Critics of the World Bank say its policy recommendations are widening the gap between rich and poor. Yesterday, the bank sought to counter those allegations by releasing a report that blames the governments of former Soviet republics for desperate living conditions in their countries. World Bank economists say most Eastern governments haven't paid enough attention to their recommendations. Instead, the report says, post-Communist reforms have been hijacked by criminal groups and other vested interests. RFE/RL correspondent Ron Synovitz looks at the report.
Prague, 20 September 2000 (RFE/RL) -- A new World Bank report on poverty says that falling living standards in former Soviet republics are largely a result of government policies that favor a narrow set of private interests rather than the broader public good.
The study was released yesterday in Prague ahead of next week's annual meeting of the World Bank and International Monetary Fund. It says economic policies in the poorest countries of the former Soviet bloc often serve an elite group of individuals with close ties to governments.
World Bank economist Ana Revenga put forward a new economic term to describe what she says is a major cause for the widening gap between the rich and poor in former Soviet republics. She spoke of the "capture of the state" by powerful business elites.
"The increase of inequality in the CIS [Commonwealth of Independent States] has a lot to do with the capture of the policymaking and the legislative agenda by vested interests -- or the 'capture of the state,' you may call it."
High levels of bureaucratic corruption and criminality also were cited by both Revenga and the report as major causes of poverty.
"There are countries in the region (Eastern Europe and former Soviet republics) where, in some sense, the state is captured by vested interests. It's very hard to imagine these governments taking action in a sustained way that is good for [fighting] poverty if many of those actions go against those interests that have taken the state hostage."
The World Bank says the creation of new jobs has been severely hampered by widespread protection rackets which allow criminal groups to extort money from small businesses to such an extent that many are unable to survive.
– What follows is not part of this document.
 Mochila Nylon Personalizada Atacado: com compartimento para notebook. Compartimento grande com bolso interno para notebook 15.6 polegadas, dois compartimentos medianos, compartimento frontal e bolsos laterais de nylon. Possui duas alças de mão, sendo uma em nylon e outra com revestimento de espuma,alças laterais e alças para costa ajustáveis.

In contrast, Revenga notes that small businesses have been a major source of new jobs in Central European countries where post-communist reforms have been more successful.
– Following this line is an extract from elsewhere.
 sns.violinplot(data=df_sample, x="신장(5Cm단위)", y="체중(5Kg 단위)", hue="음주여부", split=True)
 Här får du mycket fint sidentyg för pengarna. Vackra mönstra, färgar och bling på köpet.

Another dangerous corruption trend cited by the World Bank is that doctors and school teachers in the poorest ex-Soviet republics increasingly demand what the report calls "under-the-table" payments because they cannot survive on their meager state salaries. Revenga says this trend is especially dangerous for the poor because they are becoming trapped in a cycle where it is difficult to receive proper health care and education.
Disturbing health trends in post-communist states include a decrease in male life expectancy, the resurgence of tuberculosis, a drastic increase in sexually transmitted diseases and a looming threat of an AIDS epidemic.
Emerging signs of nutritional deficiencies among children are becoming apparent in parts of northeastern Romania. Eastern Ukraine and Georgia's Imereti region also were listed as regions where poverty abounds.
The World Bank says the gap between rich and poor is becoming especially pronounced in Russia, Armenia, and Moldova. In Russia, for example, about 20 percent of the population is surviving on less than $2 a day. That means that Russia is home to nearly two-thirds of all people trying to survive below the $2-a-day poverty line in a former Soviet republic.
"In places like Russia, you've had a shrinking pie and the poor have been getting a shrinking slice of that pie."
The World Bank also says countries with the most number of people living on less than two dollars a day are Tajikistan (67 percent), Moldova (55 percent), Kyrgyzstan (50 percent) and Armenia (42 percent). About a fifth of the people in Azerbaijan and Georgia also live on less than $2 a day.
Serbia was not included in the study because it is not a member of the World Bank and because the bank has no way to verify whether the data provided by Belgrade accurately reflects the situation for the country's poor.
Turkmenistan and Belarus were mentioned as countries no longer receiving fund from the World Bank because of their refusal to follow the institution's reform programs.
World Bank Vice President Johannes Linn admits that the institution becomes defensive when faced with criticisms, such as that its recommendations are a cause of the widening gap between the rich and poor. And Linn also admits that the bank has committed several errors in its recommendations to countries making the transition from central planning to market economics.
Linn says one mistake has been to underestimate the scope of corruption and criminal influence in Eastern Europe and the former Soviet republics. Another mistake, according to Linn, was for the World Bank to have insisted on broader control of the reform process in order that fewer monopolies would be created through sales of state-owned assets and other market reforms.
Finally, Linn said the World Bank did not properly emphasize the importance of maintaining social security programs when the transition process began 10 years ago.